On September 23, 2019, Yost announced that he would retire at the end of the 2019 season. He finished his Royals career with 746 wins and 839 losses, both being franchise records for a manager in Royals history.

===Managerial record===

| Team | Year | Regular season |  |  |  |  | Postseason |  |  |  |
| Games | Won | Lost | Win % | Finish | Won | Lost | Win % | Result |
| MIL | 2003 | 162 | 68 | 94 | .420 | 6th in NL Central | – | – | – |  |
| MIL | 2004 | 161 | 67 | 94 | .416 | 6th in NL Central | – | – | – |  |
| MIL | 2005 | 162 | 81 | 81 | .500 | 3rd in NL Central | – | – | – |  |
| MIL | 2006 | 162 | 75 | 87 | .463 | 4th in NL Central | – | – | – |  |
| MIL | 2007 | 162 | 83 | 79 | .512 | 2nd in NL Central | – | – | – |  |
| MIL | 2008 | 150 | 83 | 67 | .553 | Fired | – | – | – |  |
| MIL total |  | 959 | 457 | 502 | .477 |  | – | – | – |  |
| KC | 2010 | 127 | 55 | 72 | .433 | 5th in AL Central | – | – | – |  |
| KC | 2011 | 162 | 71 | 91 | .438 | 4th in AL Central | – | – | – |  |
| KC | 2012 | 162 | 72 | 90 | .444 | 3rd in AL Central | – | – | – |  |
| KC | 2013 | 162 | 86 | 76 | .531 | 3rd in AL Central | – | – | – |  |
| KC | 2014 | 162 | 89 | 73 | .549 | 2nd in AL Central | 11 | 4 | .733 | Lost World Series (SF) |
| KC | 2015 | 162 | 95 | 67 | .586 | 1st in AL Central | 11 | 5 | .688 | Won World Series (NYM) |
| KC | 2016 | 162 | 81 | 81 | .500 | 3rd in AL Central | – | – | – |  |
| KC | 2017 | 162 | 80 | 82 | .494 | 3rd in AL Central | – | – | – |  |
| KC | 2018 | 162 | 58 | 104 | .358 | 5th in AL Central | – | – | – |  |
| KC | 2019 | 162 | 59 | 103 | .364 | 4th in AL Central | – | – | – |  |
| KC total |  | 1585 | 746 | 839 | .471 |  | 22 | 9 | .710 |  |
| Total |  | 2544 | 1203 | 1341 | .473 |  | 22 | 9 | .710 |  |

==Personal life==
Yost and his wife, Deborah, have four children and live in rural Georgia during the off-season. One of his sons, Ned Yost IV, serves as a coach for the Nashville Sounds, Class AAA minor league affiliate of the Milwaukee Brewers. Prior to becoming a coach in 2009, the younger Yost played first base for the Class-A Brevard County Manatees in 2007, his third season in the minors, hitting .248 with a .283 slugging percentage.
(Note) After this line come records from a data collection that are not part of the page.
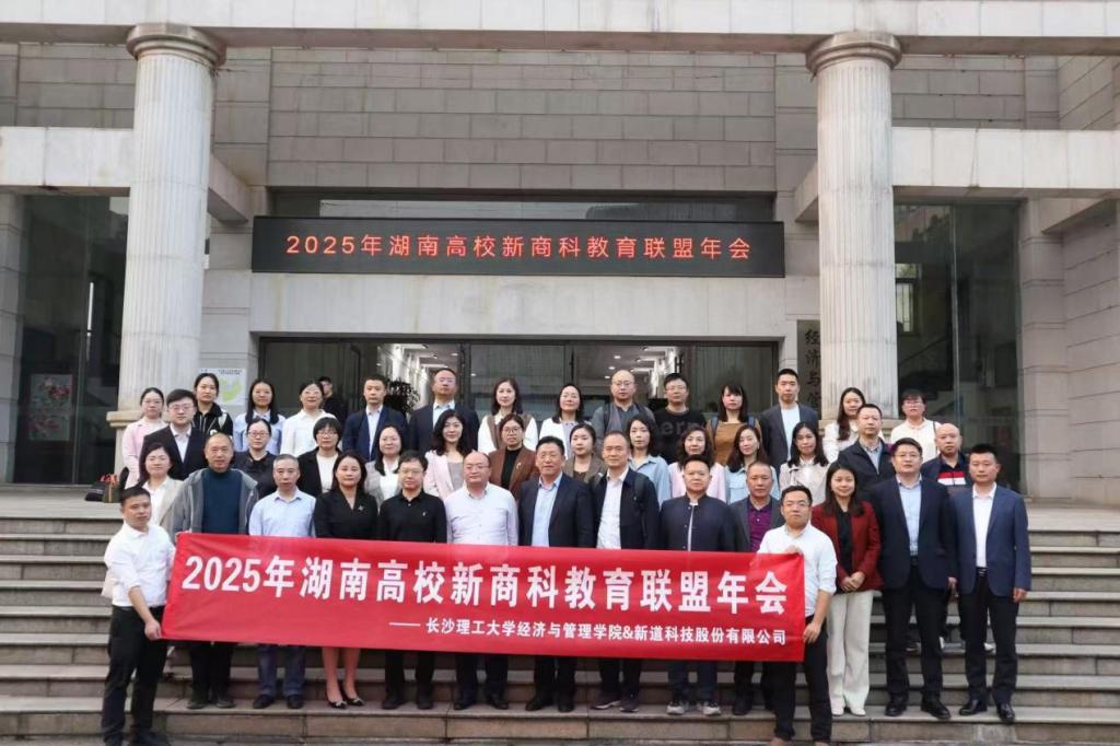 3月25日下午,由新道科技股份有限公司和我院联合主办的“2025年湖南高校新商科教育联盟年会”在金盆岭校区经管大楼F202会议室举办。来自湖南大学、湖南农业大学、中南林业科技大学、湖南女子学院等省内高校和企业的70余名代表围绕“产教融合,AI赋能,共育数智商科人才”主题展开深入探讨。年会由彭新宇院长主持。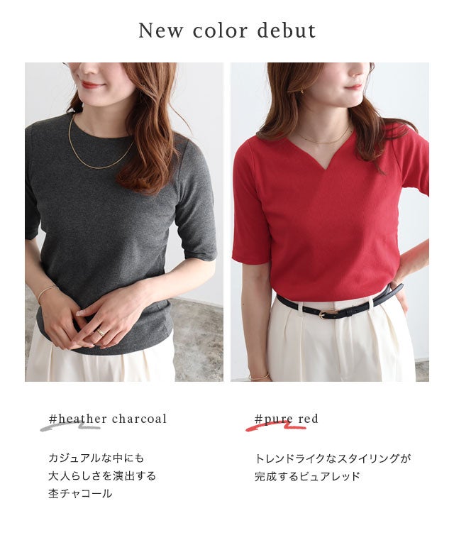 他の画像を見る #送料無料 販売期間 2026/04/21 17:00 〜 2026/04/24 16:59 [期間限定☆送料無料](~4/24 16:59まで) 選べるネック5分袖テレコリブカットソー 【Pierrot】 [送料無料] ¥ 1,790 税込 お気に入りに登録する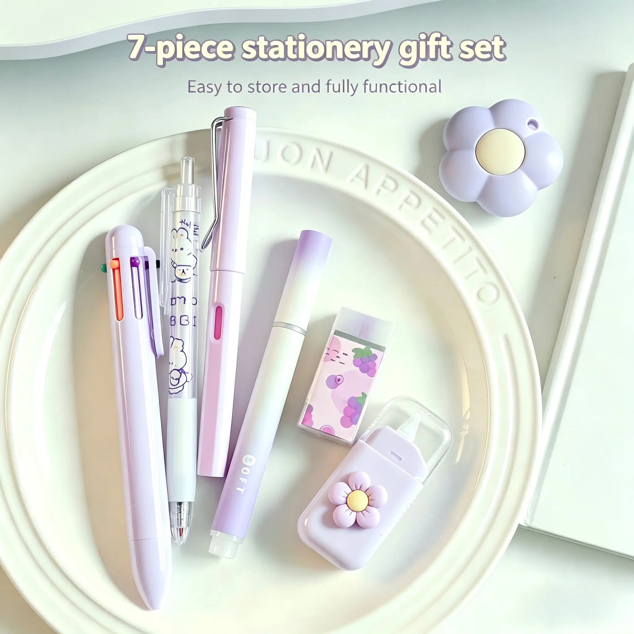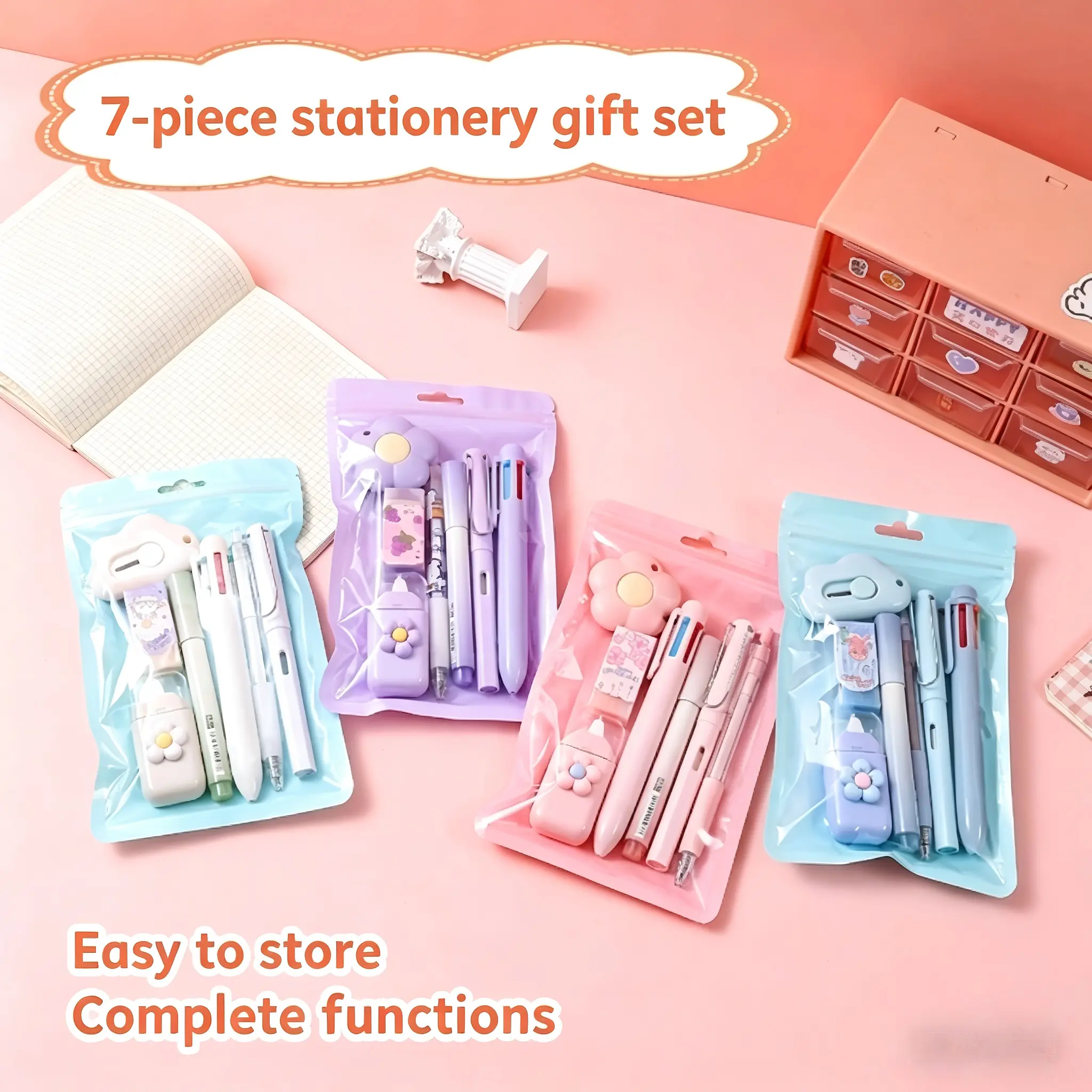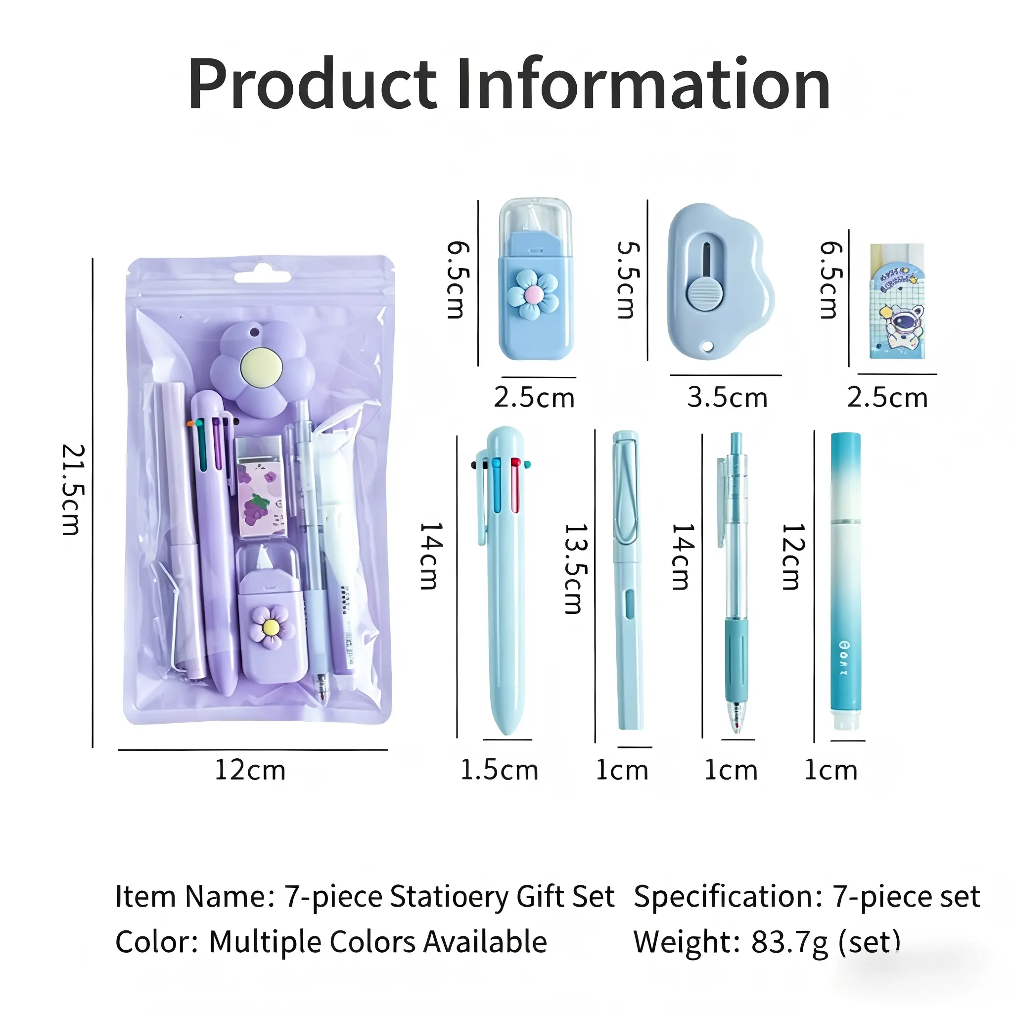7-in-1 Complete Stationery Set: All-in-one kit with gel pen, 6-color ballpoint pen, highlighter, mechanical pencil, correction tape, utility knife, and eraser, meeting all daily study needs.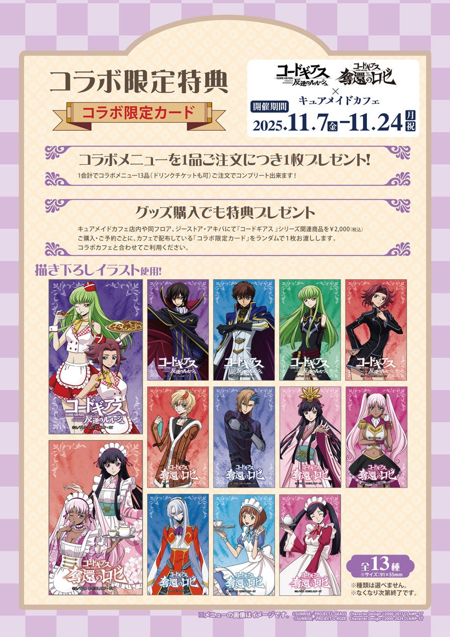 「コードギアス × キュアメイドカフェ」コラボにて、コラボメニューを1品ご注文につき1枚、キュアメイドカフェ店内や同フロア、ジーストア・アキバ、同ビル1階グランエンタスにて『コードギアス 』シリーズ関連商品を2,000円(税込)ご購入・ご予約ごとに1枚、「コラボ限定カード(全13種)」をランダムにプレゼント!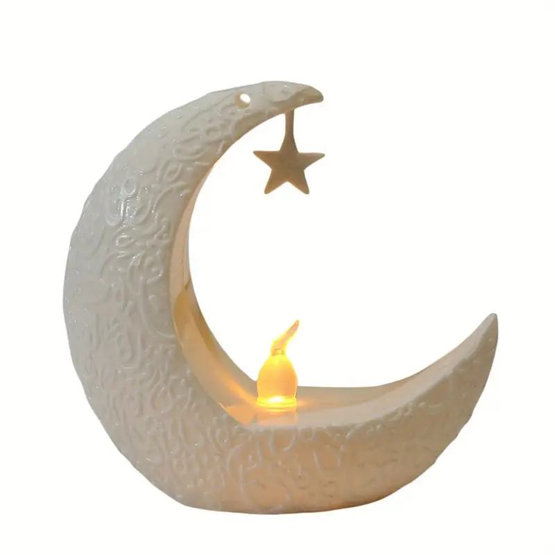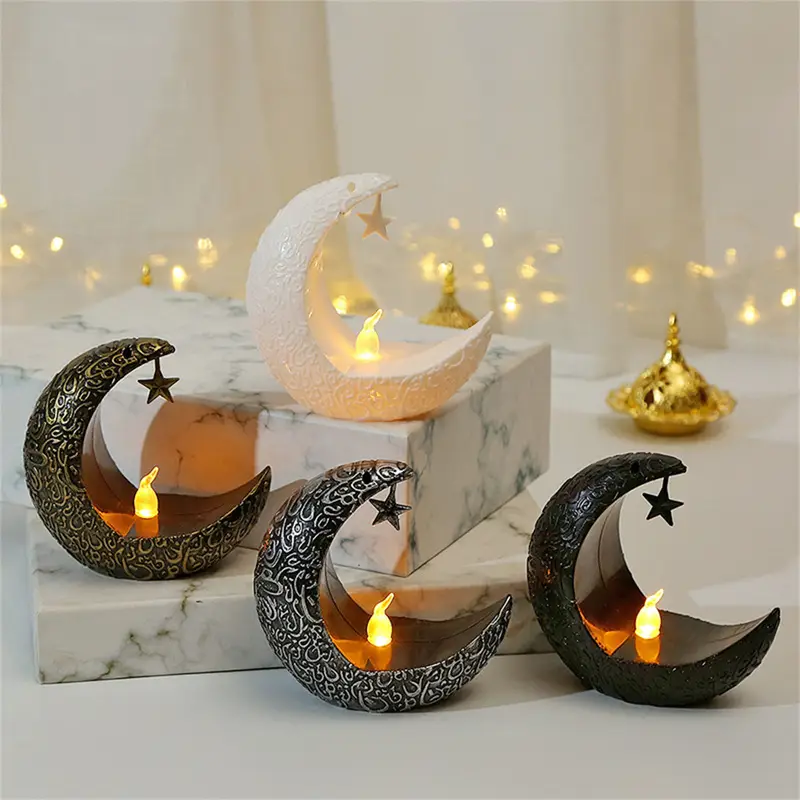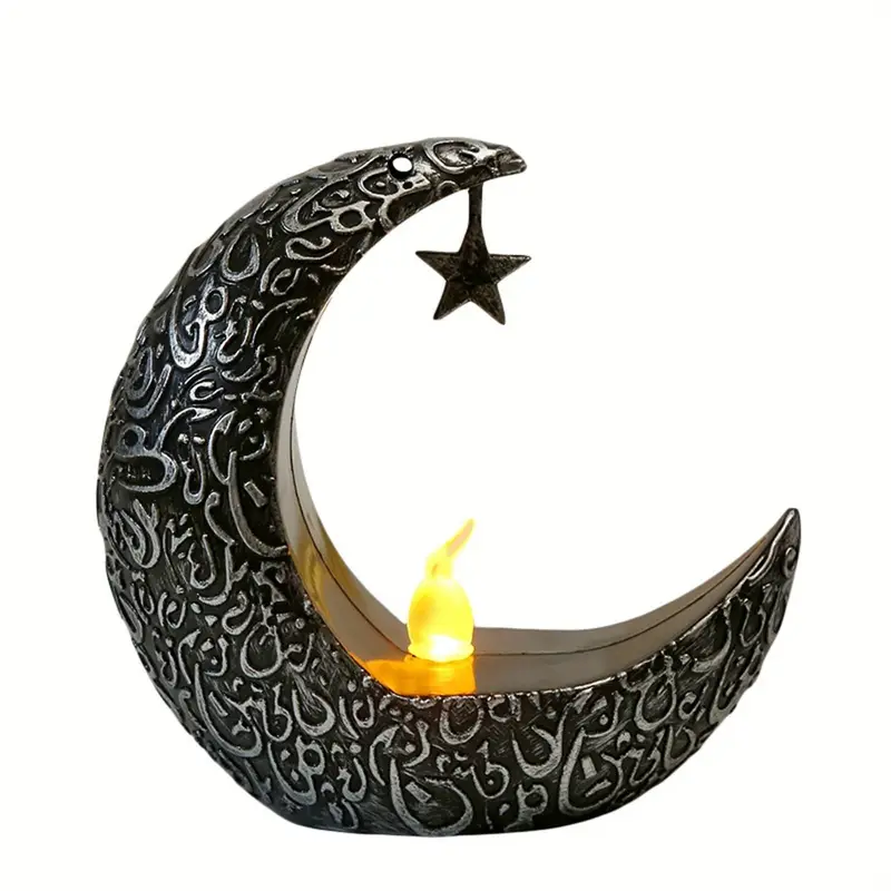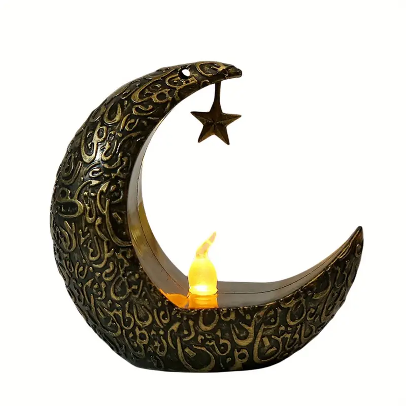 شمعة LED على شكل هلال قديم مع نجمةمعلقة – ضوءليليزخرفي للطاولات للاحتفالات مثل رمضان،عيدالميلاد،عيدالأضحى،عيدالشكر،وزينةالحفلات المنزلية – متوفربالألوان الأسود/الأبيض/الذهبي ا لقديم/الفضي ا لقديم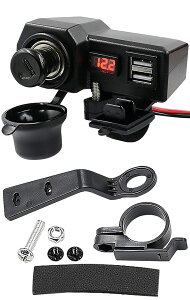 4 IN 1 多機能バイク用USBチャージャー 2個USBポット充電器、電圧計、シガレットライターソケット、電子タイマー。 【独立電源スイッチ付き】充電しない時は、スイッチをオフにした方がいいです。省...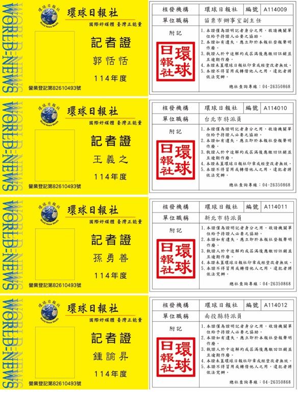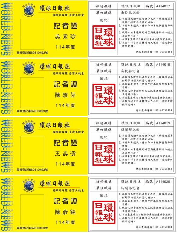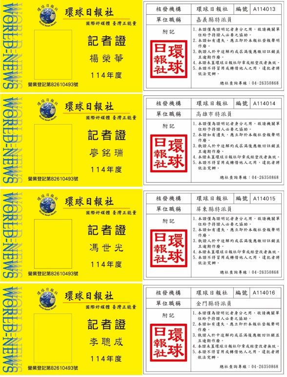 *記者證件過期或不符合上列公告名單,請勿擅自冒用身分!!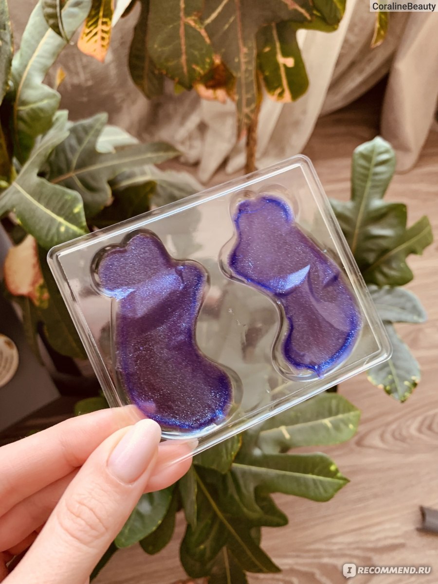 Патчи сами по себе гидрогелевые, фиолетовые, с блестками, смотрятся очень симпатично. На ощупь они мягкие, тонкие, достаточно большие по размеру — перекрывают всю область под глазами и даже немного заходят на скулы. Это удобно, потому что эффект может быть более комплексным.

On November 4, 2017, Yost was in a tree stand near his home in Georgia when he fell twenty feet. He sustained a broken pelvis, and his surgeon was concerned that Yost might die from blood loss. Yost later said he was certain he would have died if he did not have his cell phone at the time of the fall. He later appeared in a television commercial for Verizon, crediting its wireless service with saving his life.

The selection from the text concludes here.